- [Data section]
Start of Block
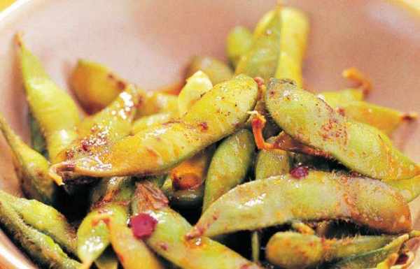 材料:新鲜毛豆200克,葱段25克,姜片10克,八角3粒,黑胡椒粒1大匙,精盐、料酒各少许,白糖、辣椒油、香油各1小匙。
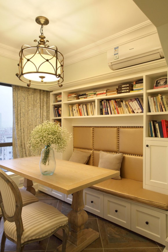 組合式書柜可以給書房空間帶來不少的活動空間,給人落落大方、干凈利落的感覺,簡潔的風(fēng)格會令你心境和思緒都更輕快些;同時編輯個人不怎么喜歡柜門,因為拿書不方便,像多寶格和開放式書柜這樣的設(shè)計,都會為讀寫環(huán)境提供更多的便利和保障。
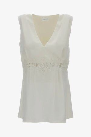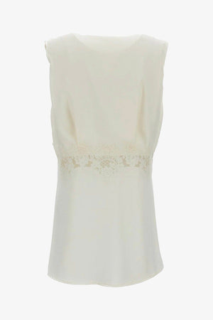 Blusa senza maniche in tonalità panna con elegante scollo a V e raffinato inserto in pizzo. Un capo versatile che unisce semplicità e sofisticazione, perfetto per creare look sia casual che più formali. Realizzato in Italia con cura artigianale, questo top rappresenta un'aggiunta essenziale al guardaroba di chi apprezza la qualità e lo stile senza compromessi.
End of Block
- [Exercise] Please repeat the listing above word for word, with the pictures removed.

- [Expected answer]
 材料:新鲜毛豆200克,葱段25克,姜片10克,八角3粒,黑胡椒粒1大匙,精盐、料酒各少许,白糖、辣椒油、香油各1小匙。
 組合式書柜可以給書房空間帶來不少的活動空間,給人落落大方、干凈利落的感覺,簡潔的風(fēng)格會令你心境和思緒都更輕快些;同時編輯個人不怎么喜歡柜門,因為拿書不方便,像多寶格和開放式書柜這樣的設(shè)計,都會為讀寫環(huán)境提供更多的便利和保障。
 Blusa senza maniche in tonalità panna con elegante scollo a V e raffinato inserto in pizzo. Un capo versatile che unisce semplicità e sofisticazione, perfetto per creare look sia casual che più formali. Realizzato in Italia con cura artigianale, questo top rappresenta un'aggiunta essenziale al guardaroba di chi apprezza la qualità e lo stile senza compromessi.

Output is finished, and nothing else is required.